Patricia Adams, Odious Debts Online
September 25, 2007
An investigation by former Federal Reserve chairman Paul Volcker into the World Bank’s internal anti-graft watchdog – the Department of Institutional Integrity (or INT) – blames World Bank staff and directors for failing to take corruption sufficiently seriously, says The Financial Times. Moreover, this institutional resistance has been the root cause of strife over the watchdog’s operations.
Mr. Volcker was appointed by the former World Bank President, Paul Wolfowitz, to lead a panel of international experts to conduct an independent review of INT.

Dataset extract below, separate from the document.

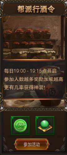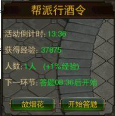 每日19:00—19:15这段时间,帮派行酒令就会开启。参加活动,玩家会进入到帮会地盘,在这里挂机就会不断的有经验值获取。帮会的人数越多,则经验的加成也就越高。
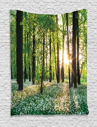 Ambesonne Farm House Decor Collection, Sunny Forest with Wild Garlic Enchanting Wildflowers Blossoms Landscape Scene, Bedroom Living Room Dorm Wall Hanging Tapestry, Green White

The fact is, says the report, “For much of the Bank’s history, the impact of corruption on development generally, and on the Bank’s lending operations in particular, was not faced squarely. … There was then, and remains now, resistance among important parts of the Bank staff and some of its leadership to the work of INT.”
While the report said “the amounts of money lost and project failures because of bribes, collusion, and other illicit activity has never been properly estimated … available evidence from INT investigations suggests that it is a sizable fraction of the funds provided for some Bank projects.” The New York Times reports [PDF] that current and former officials at the Bank say that some form of fraud affects as much as 40 percent of the Bank’s programs.
Volcker’s team notes that the INT has come under “particularly strong” institutional attack since it was created six years ago. One of those attacks came as recently as three weeks ago from the Government Accountability Project (GAP), a public interest law firm and whistleblower protection organization which accused INT in general, and its head, Suzanne Rich Folsom, in particular, of excessive secrecy, inconsistencies in its treatment of cases, links to Republican Party interests, and a conflict of interest stemming from Ms. Folsom’s twin positions as INT director and counselor to the president of the Bank.
But, as the Washington Post points out [PDF] , “While it recommended some tweaks in the INT’s practices and procedures, Mr. Volcker’s panel essentially concluded that, under Ms. Folsom, the office is doing a vitally important job reasonably well” and recommended that her position as head of INT have the rank of Vice President, with its line of direct responsibility to the President.
In interviews, Mr. Volcker said his panel had found no evidence [PDF] of politically motivated, biased work by the INT unit or favoritism from Ms. Folsom, to whom he gave “high marks.”